=== Records shown ===
===

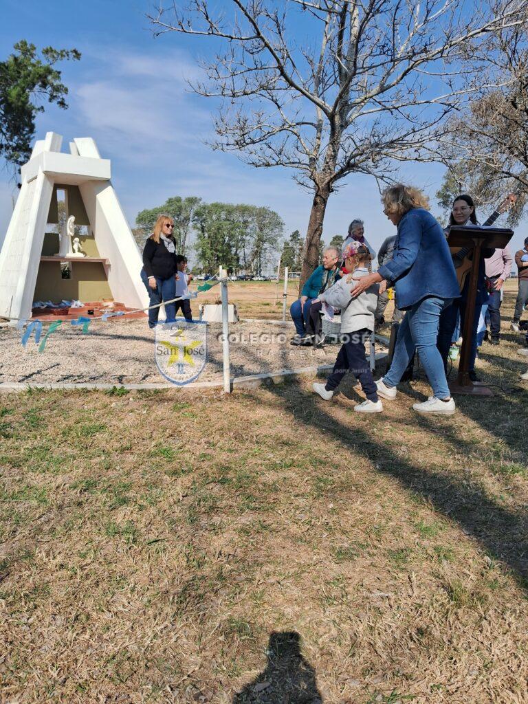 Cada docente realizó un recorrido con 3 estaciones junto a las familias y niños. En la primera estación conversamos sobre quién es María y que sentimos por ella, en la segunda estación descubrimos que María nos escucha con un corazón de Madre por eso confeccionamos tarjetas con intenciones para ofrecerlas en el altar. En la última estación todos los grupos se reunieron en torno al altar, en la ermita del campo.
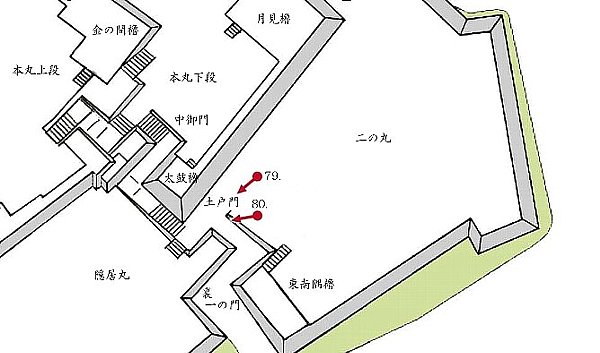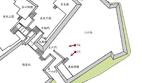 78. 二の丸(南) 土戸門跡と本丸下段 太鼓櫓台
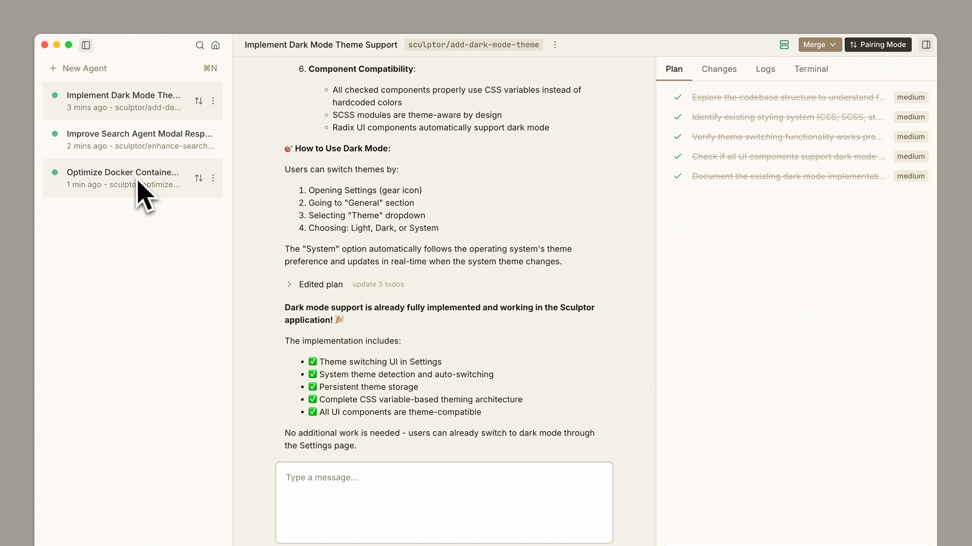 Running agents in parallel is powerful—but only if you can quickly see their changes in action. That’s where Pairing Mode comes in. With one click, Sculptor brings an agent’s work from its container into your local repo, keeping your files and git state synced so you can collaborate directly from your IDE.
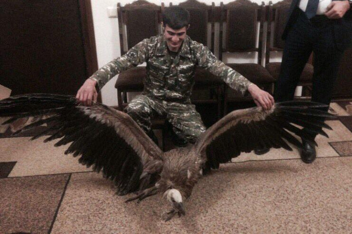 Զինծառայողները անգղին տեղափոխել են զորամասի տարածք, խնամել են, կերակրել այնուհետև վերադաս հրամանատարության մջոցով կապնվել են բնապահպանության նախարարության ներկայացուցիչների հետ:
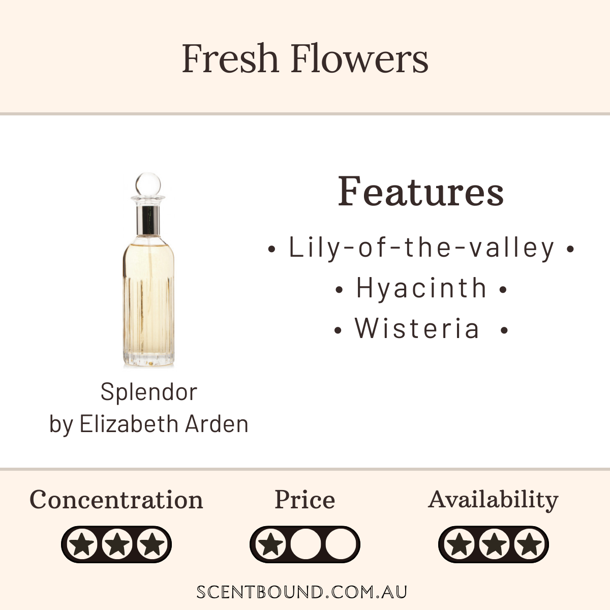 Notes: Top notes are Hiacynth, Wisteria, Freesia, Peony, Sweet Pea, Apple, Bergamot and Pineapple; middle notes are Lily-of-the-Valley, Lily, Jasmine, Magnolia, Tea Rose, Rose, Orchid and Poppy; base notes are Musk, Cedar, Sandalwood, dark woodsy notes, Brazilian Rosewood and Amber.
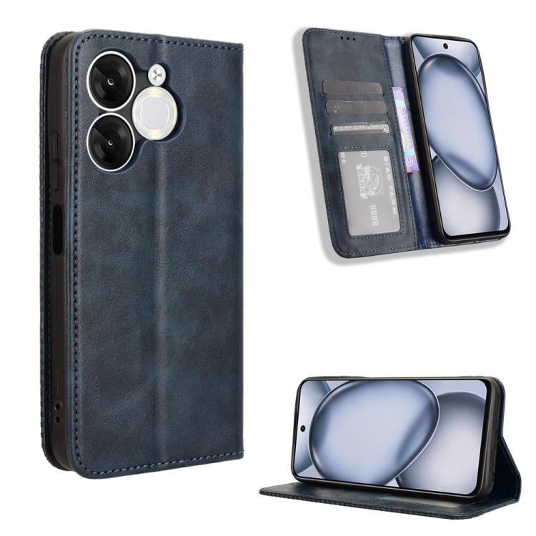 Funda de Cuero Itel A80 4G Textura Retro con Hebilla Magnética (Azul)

===

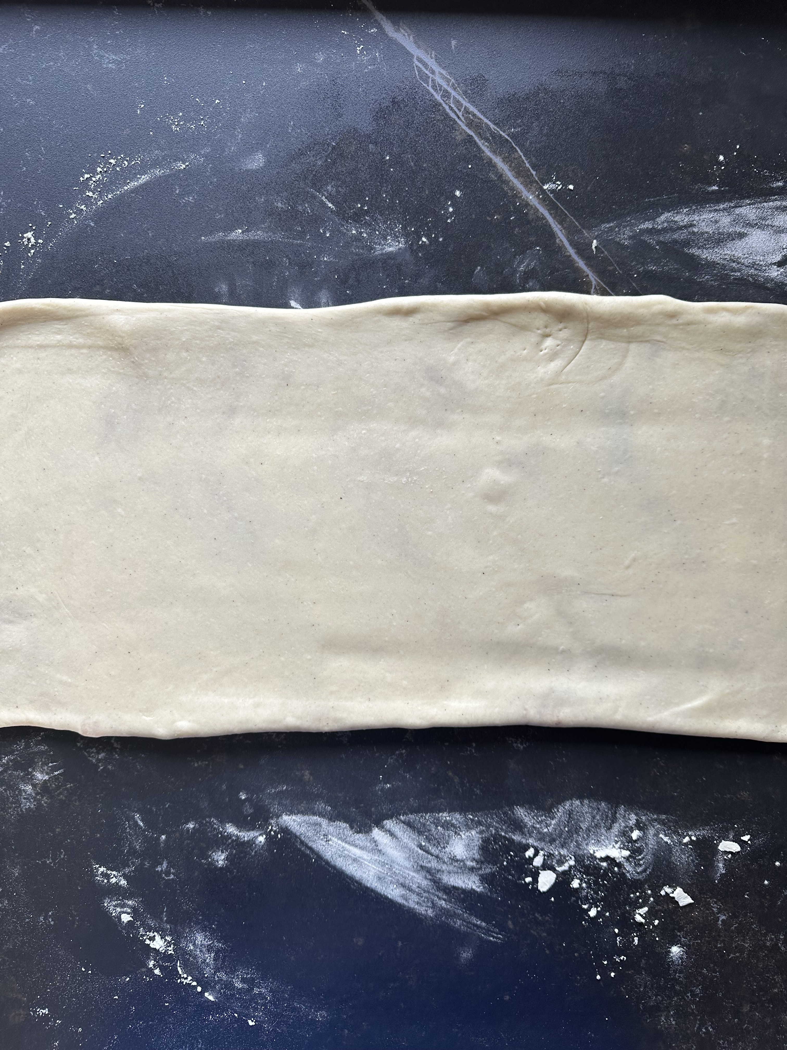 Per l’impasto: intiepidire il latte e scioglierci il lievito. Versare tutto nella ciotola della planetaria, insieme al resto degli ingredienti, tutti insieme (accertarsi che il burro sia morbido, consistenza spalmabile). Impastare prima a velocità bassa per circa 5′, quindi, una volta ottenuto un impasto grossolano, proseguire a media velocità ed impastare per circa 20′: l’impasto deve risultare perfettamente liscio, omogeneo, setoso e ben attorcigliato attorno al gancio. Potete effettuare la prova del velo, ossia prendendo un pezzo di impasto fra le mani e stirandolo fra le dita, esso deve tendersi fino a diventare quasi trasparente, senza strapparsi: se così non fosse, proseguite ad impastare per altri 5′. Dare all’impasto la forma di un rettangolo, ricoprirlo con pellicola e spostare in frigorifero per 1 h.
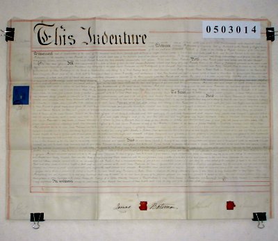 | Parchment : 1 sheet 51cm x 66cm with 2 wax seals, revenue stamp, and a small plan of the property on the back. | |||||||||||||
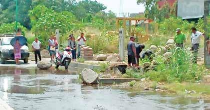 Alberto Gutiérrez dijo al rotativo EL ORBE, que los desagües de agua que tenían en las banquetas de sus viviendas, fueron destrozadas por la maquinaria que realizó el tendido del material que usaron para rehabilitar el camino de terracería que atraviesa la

===

=== Required work ===
Only one part of the material above is wanted: the lines from the one with "78. 二の丸(南) 土戸門跡と本丸下段 太鼓櫓台" up to and including the one with "Running agents in". Please copy them exactly, pictures left out.

=== Result ===
 78. 二の丸(南) 土戸門跡と本丸下段 太鼓櫓台
 Running agents in parallel is powerful—but only if you can quickly see their changes in action. That’s where Pairing Mode comes in. With one click, Sculptor brings an agent’s work from its container into your local repo, keeping your files and git state synced so you can collaborate directly from your IDE.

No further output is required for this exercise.